_RECORDED INFORMATION_:
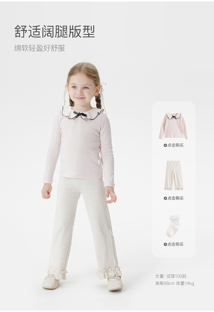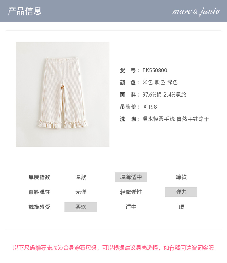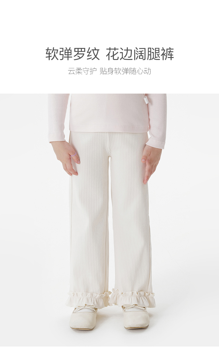 马克珍妮女童软弹罗纹花边阔腿裤 宝宝裤子2025年春装新款550800
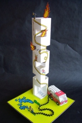 Cesar’s ready smile is expressed in the novelty of his “burning tower.” He exercises so many elements of design in this charming piece, where the accordian styled fire hose is trasformed into line as it snakes up the tower. All of it folded from Bristol paper, and punctuated with colored marker.
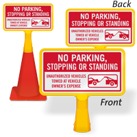 Display the double-sided printed sign on the traffic cone whenever required. At all other times, you can simply store the sign. No Parking, Stopping Or Standing ConeBoss Sign is easy to mount and dismount.
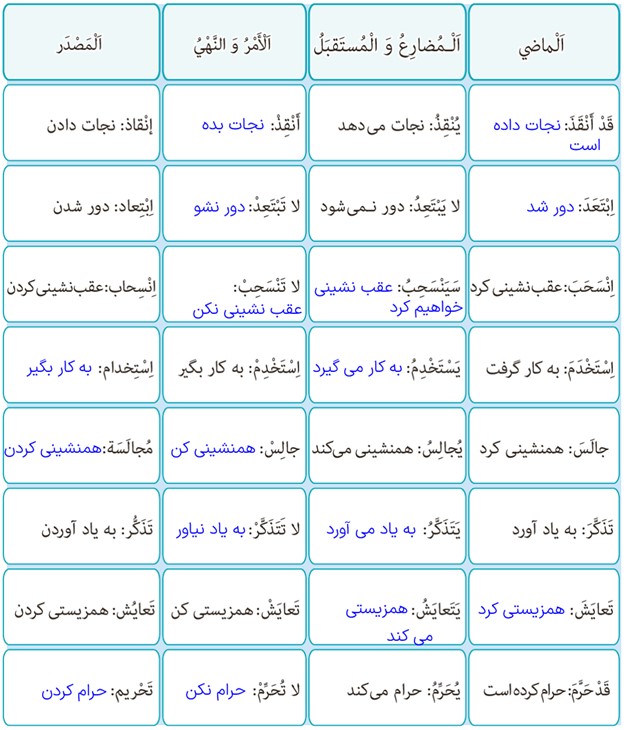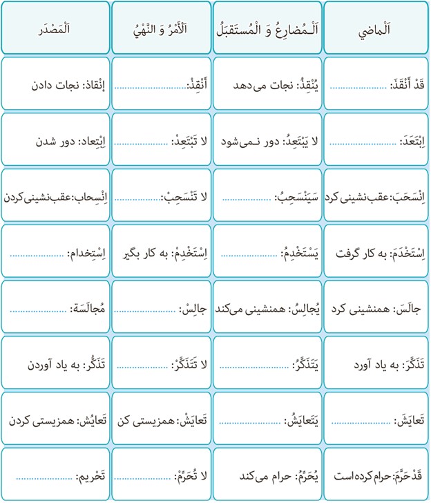 تَرْجِمِ الْاَفعالَ وَ الْمَصادِرَ التّاليَةَ.
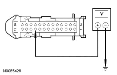 - Measure the voltage between SJB C2280C-10, circuit CPW01 (BN/BU), harness side and ground.
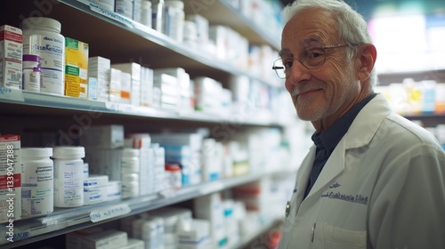 apothecary, elderly, male, caucasian, pharmacy, medicine, shelf, drug, prescription, health, health care, professional, goggles, labcoat, medication, bottle, aisle, pharmaceutical, store, senior, mature, expertise, cognition, retail, client, service, shop, care, occupation, industry, pill, label, cardboard box, organised, medicals, workplace, smiling, friendly, experienced, knowledgeable
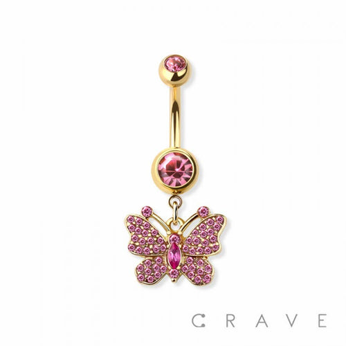 Gem Butterfly Dangle Navel Ring / Belly Button Ring. Material: 316L SURGICAL STEEL/BRASS, Thickness: 14GA (1.6MM) Length: 3/8" (10MM) Ball Size: 5X8MM
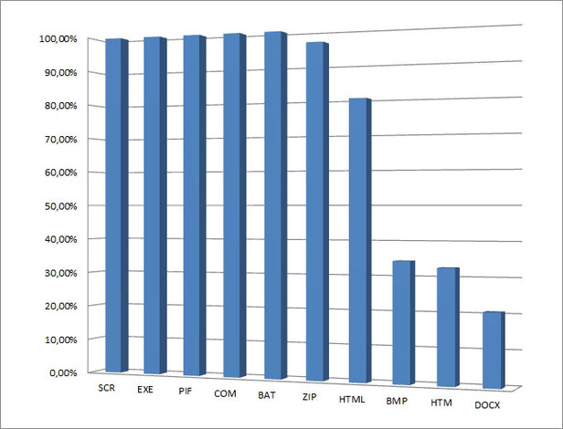 Bei den infizierten Mailanhängen fanden sich meistens die klassischen Vertreter: ZIP-Dateien, ausführbare EXE-, COM-, SCR-, BAT- oder PIF-Dateien und HTML-Dokumente für eine Attacke. Aber auch PDF-Dateien und Bilder sind weiterhin beliebt als infizierte Objekte. Die Studie belegt: sobald an einer Spam-Mail eine ZIP-Datei hängt, ist diese zu fast 100 Prozent verseucht. Bei den ausführbaren Dateien wie EXE oder PIF ist das ebenfalls der Fall. Die an die Spam-Mails angehängten HTML-Dokumente waren während der Studie zu über 80 Prozent verseucht.
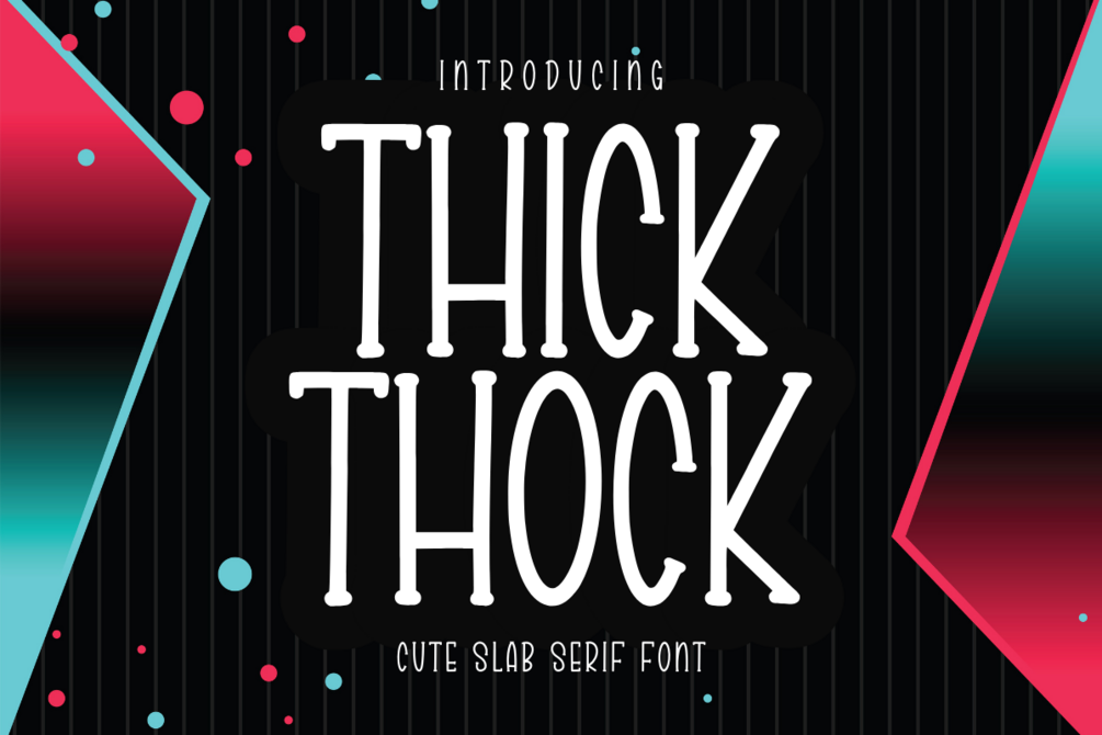 Thick Thock is a thick and playful slab serif font. The wide characters and chunky serifs make this font ideal for eye-catching designs. You can use it for headlines, poster, packaging, merchandise, quotes, t-shirt typography, banners, product labels, and many more.
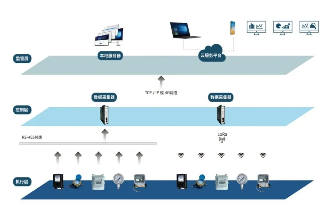 通過(guò) RS-485 總線或 LoRa 通訊模塊,將計(jì)量表具的數(shù)據(jù)收集到智能網(wǎng)關(guān),在施工布線困難的情況下,采用 LoRa 無(wú)線通訊模塊,免去復(fù)雜的施工布線,將計(jì)量表具的數(shù)據(jù)簡(jiǎn)單有效地傳輸?shù)街悄芫W(wǎng)關(guān)。
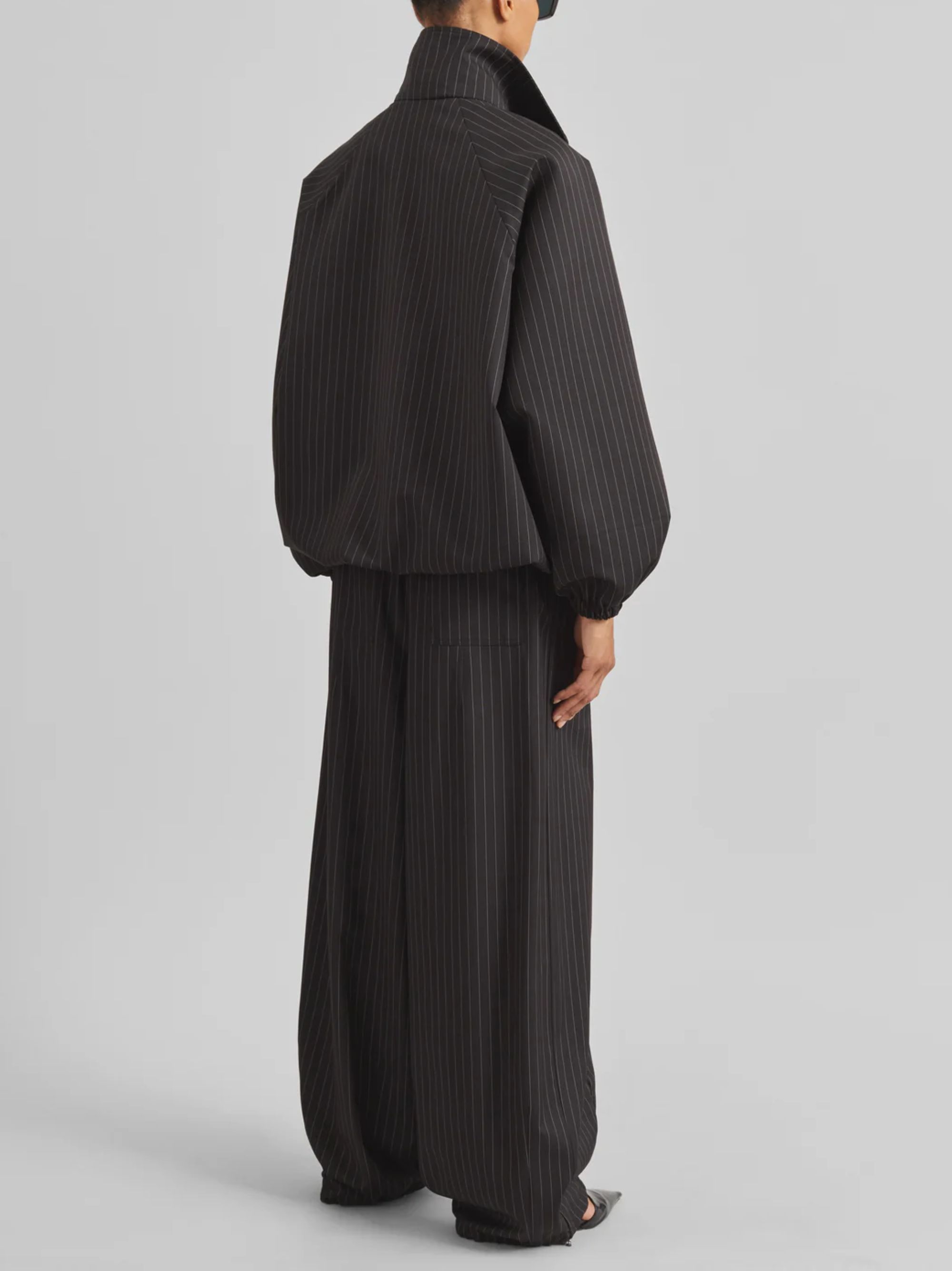 Bomber Baxter di THE FRANKIE SHOP nero gessato in tessuto leggero con maniche ragla, tasche a filetto anteriori, polsini e orli elasticizzati, vestibilità oversize e chiusura con cerniera a doppio cursore.
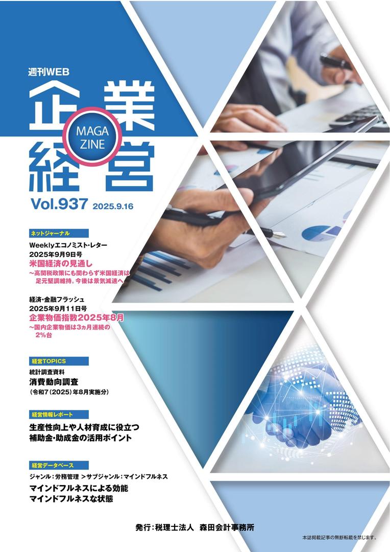 ネットジャーナル Weeklyエコノミスト・レター 2025年9月9日号 米国経済の見通し ~高関税政策にも関わらず米国経済は 足元堅調維持。今後は景気減速ヘ 経済・金融フラッシュ 2025年9月11日号 企業物価指数2 […]

_INSTRUCTIONS TO FOLLOW_: When copying from the data above, begin at the line containing "تَرْجِمِ الْاَفعالَ وَ" and end at the line containing "- Measure the"; return those lines exactly and leave all pictures behind.

_RESULT_:
 تَرْجِمِ الْاَفعالَ وَ الْمَصادِرَ التّاليَةَ.
 - Measure the voltage between SJB C2280C-10, circuit CPW01 (BN/BU), harness side and ground.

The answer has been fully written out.